__Assignment__.
Reproduce every line below exactly as written; do not include the images.
***** Record extracts *****
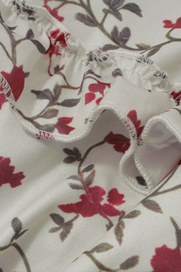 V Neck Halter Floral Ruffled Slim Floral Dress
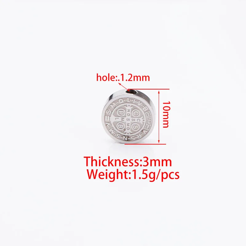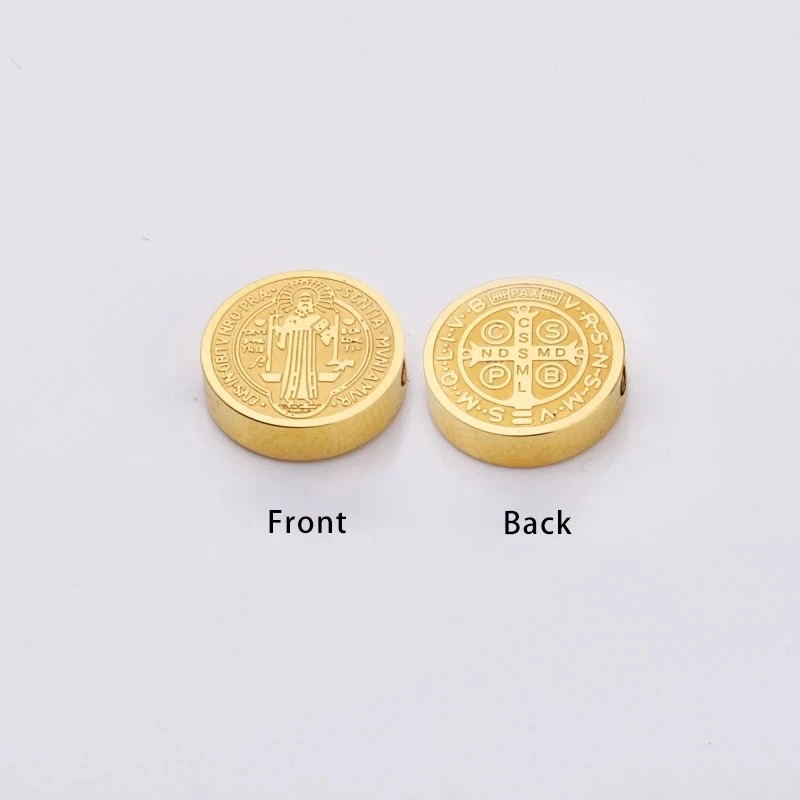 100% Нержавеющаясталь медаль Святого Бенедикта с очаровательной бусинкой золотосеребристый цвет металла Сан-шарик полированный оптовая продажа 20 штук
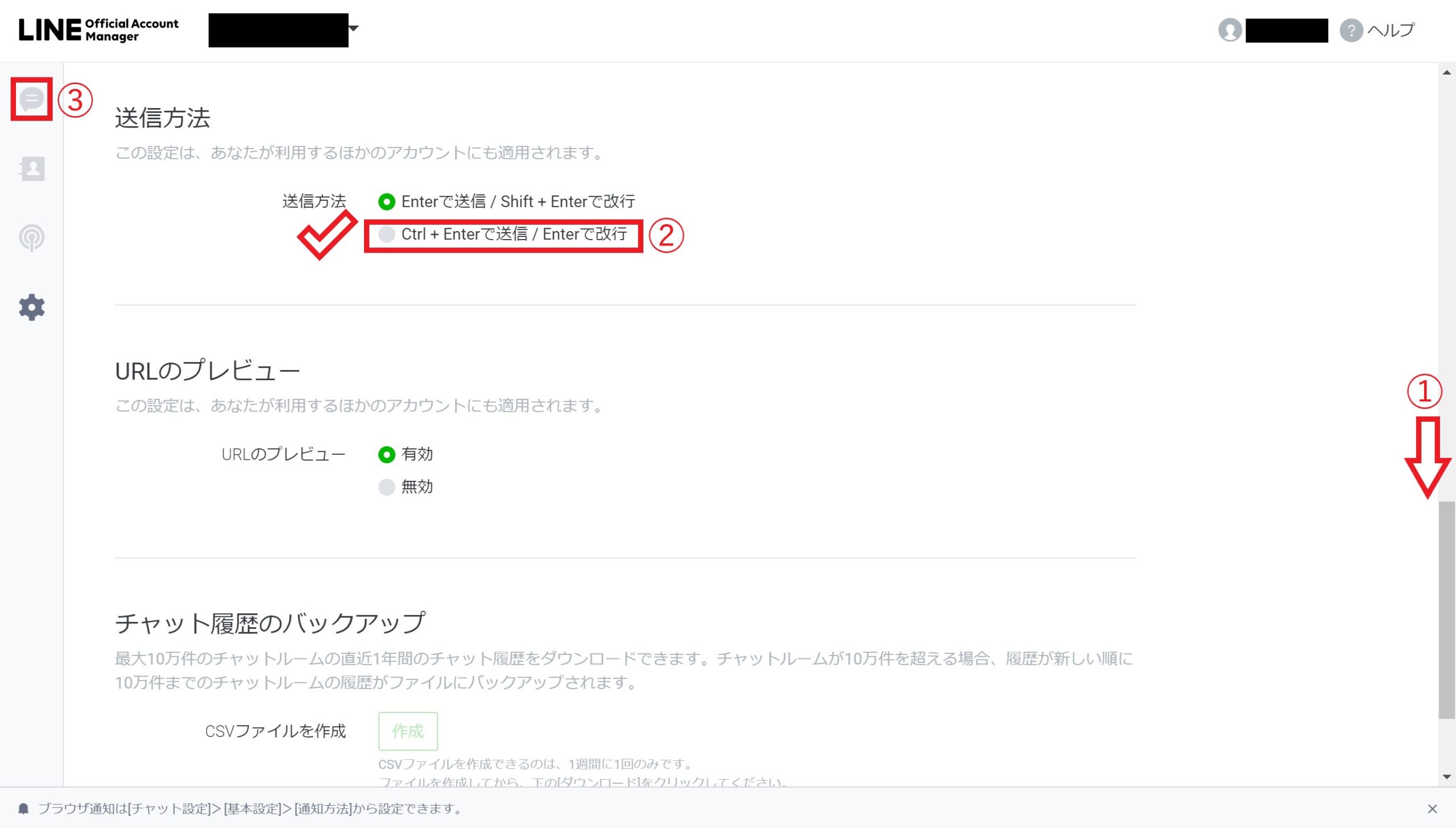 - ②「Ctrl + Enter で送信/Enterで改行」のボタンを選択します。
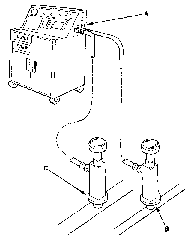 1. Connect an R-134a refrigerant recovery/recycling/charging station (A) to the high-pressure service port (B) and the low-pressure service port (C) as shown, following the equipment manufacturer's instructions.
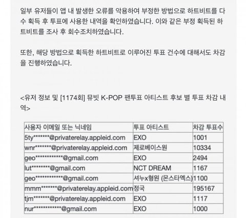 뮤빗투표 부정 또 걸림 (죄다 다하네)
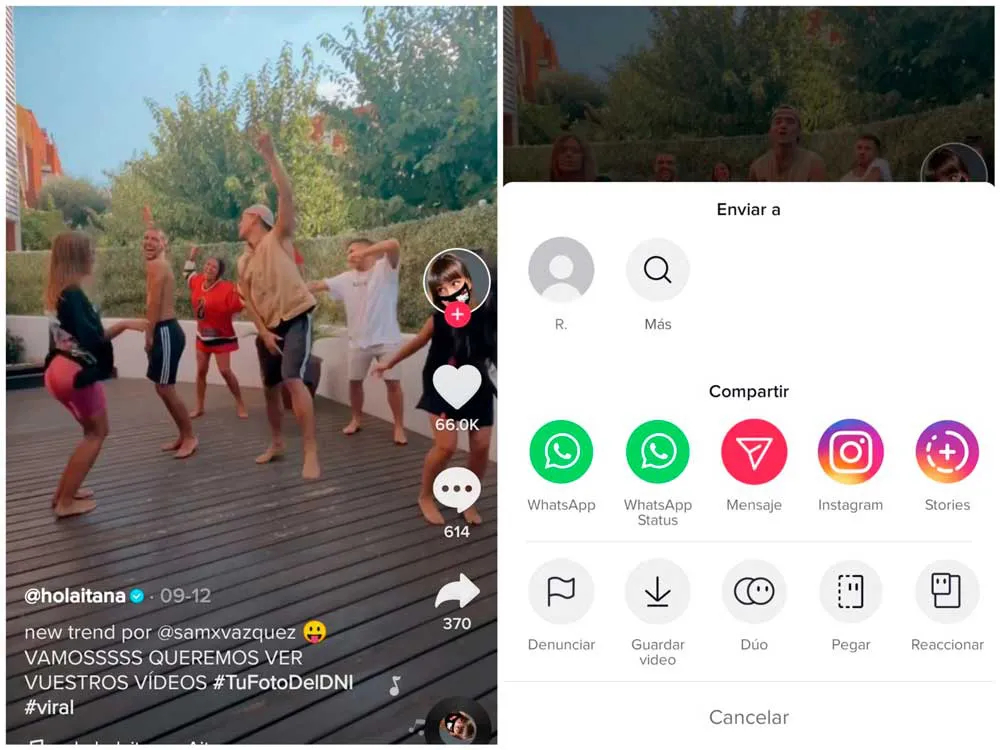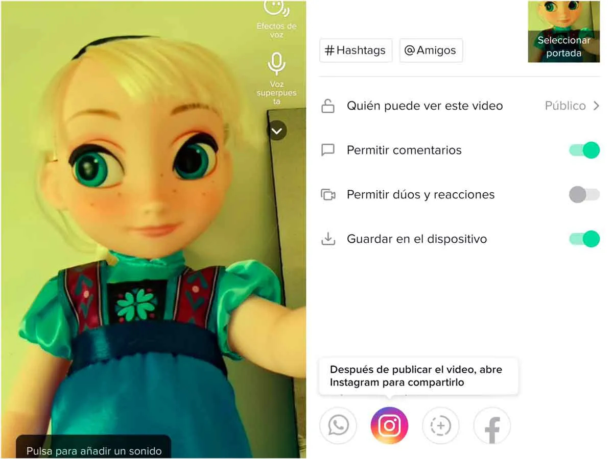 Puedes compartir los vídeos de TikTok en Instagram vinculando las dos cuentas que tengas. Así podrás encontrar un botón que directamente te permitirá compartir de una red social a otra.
*****
__Output for this exercise__.
 V Neck Halter Floral Ruffled Slim Floral Dress
 100% Нержавеющаясталь медаль Святого Бенедикта с очаровательной бусинкой золотосеребристый цвет металла Сан-шарик полированный оптовая продажа 20 штук
 - ②「Ctrl + Enter で送信/Enterで改行」のボタンを選択します。
 1. Connect an R-134a refrigerant recovery/recycling/charging station (A) to the high-pressure service port (B) and the low-pressure service port (C) as shown, following the equipment manufacturer's instructions.
 뮤빗투표 부정 또 걸림 (죄다 다하네)
 Puedes compartir los vídeos de TikTok en Instagram vinculando las dos cuentas que tengas. Así podrás encontrar un botón que directamente te permitirá compartir de una red social a otra.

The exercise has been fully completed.